Он плюхнул рыбу на бревнышко, ударил ножом в чешую. Она треснула, осыпалась жирными ворохами. Сазан захлопал створами жабер. Парторг упер его пальцем и заводил ножом, будто точил об него. Сазан шлифовал боками мокрую сталь.
— Далее, — говорил парторг. — Земля эта в прошлом дикая. В ней другой организм, чем в Кубани. В ней корень по-своему движется, воду по-своему пьет. Наши деды вокруг нее ходили-ходили. Цветки в лугах нюхали-нюхали. За тучей следили. А потом резанули сохой. От той сохи произошли наши поля.
Мы вынимаем из земли урожаи, потому что никто ее до нас не пахал. Мы ее первые для себя приручили. Первые и последние. Народ тут широкий, никого зря не обидит. Любит красоту.

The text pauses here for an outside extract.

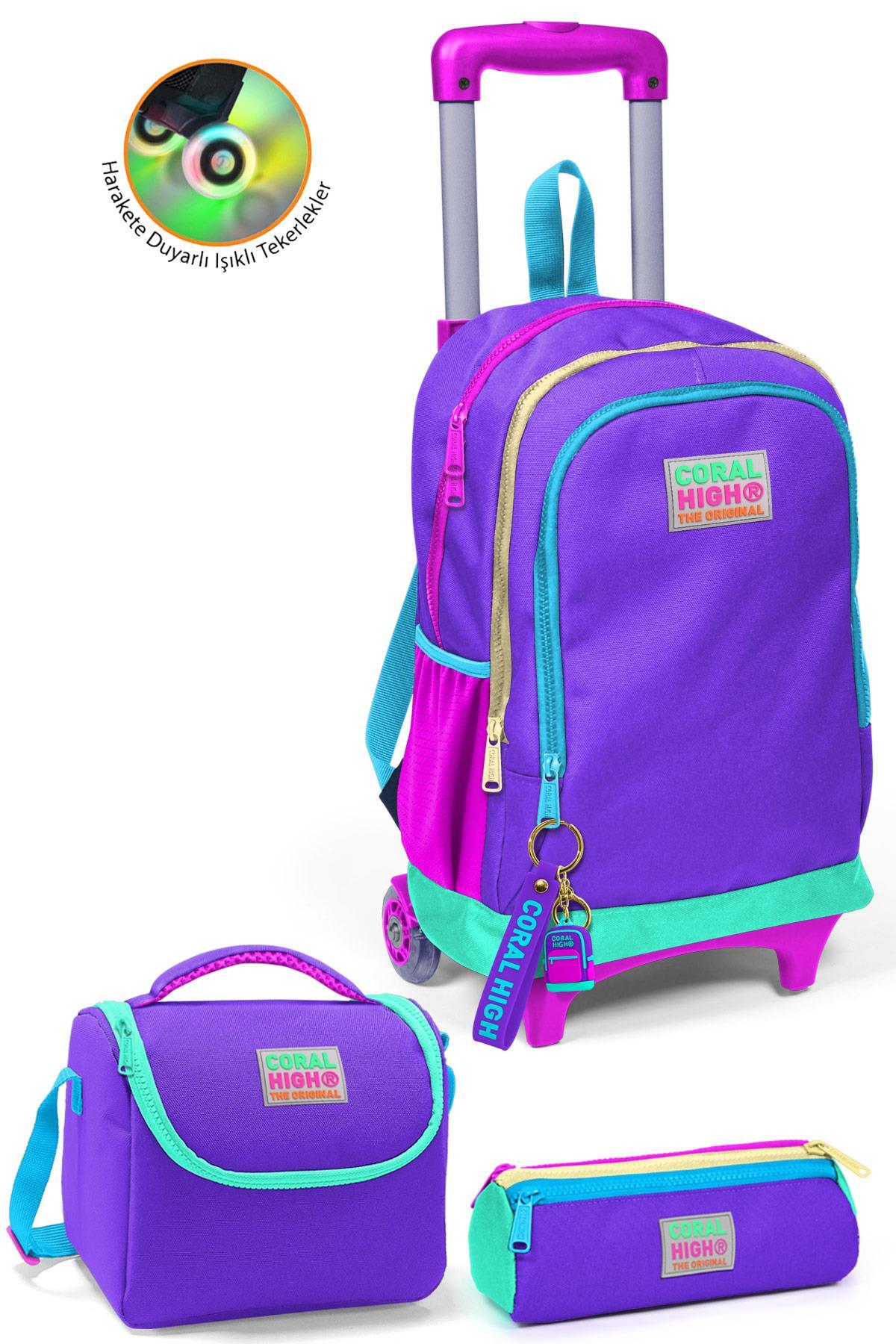 Coral High Kids Mor Renk Detaylı 3'lü Çanta Seti SET0123934

Он пальцем растворил рыбе грудь и звонко плескал туда воду. Вода, сперва розовая, мутноватая, а потом прозрачная, наполнила рыбу, и та, как ручная, колыхалась в руках парторга.

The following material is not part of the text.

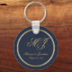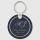 Elegant Navy Blue Gold Monogram Script Wedding Keychain

Он положил рыбу на бревнышко. Она прилипла хвостом, плавниками. Аккуратно стал резать ее, как хлеб, на сочные белые ломти, и в каждом розовел позвонок. Голова с глазами лежала отдельно. И тонкий обрезок хвоста.
— Ну что, написали? — спросил парторг. — И я написал. А теперь все в гущу!
Мы вернулись к костру. Котел закипал. Парторг спустил туда рыбу. Подбросил картошку, луковицы, лавровый лист. Раскатал по траве полотенце, извлекая оттуда водку, стаканы. Мы сидели вчетвером на берегу Амура. Хлебали уху. Выпивали. И китайский пограничник на вышке в свой сверхсильный бинокль мог сосчитать и доложить начальству, сколько граней в наших стаканах.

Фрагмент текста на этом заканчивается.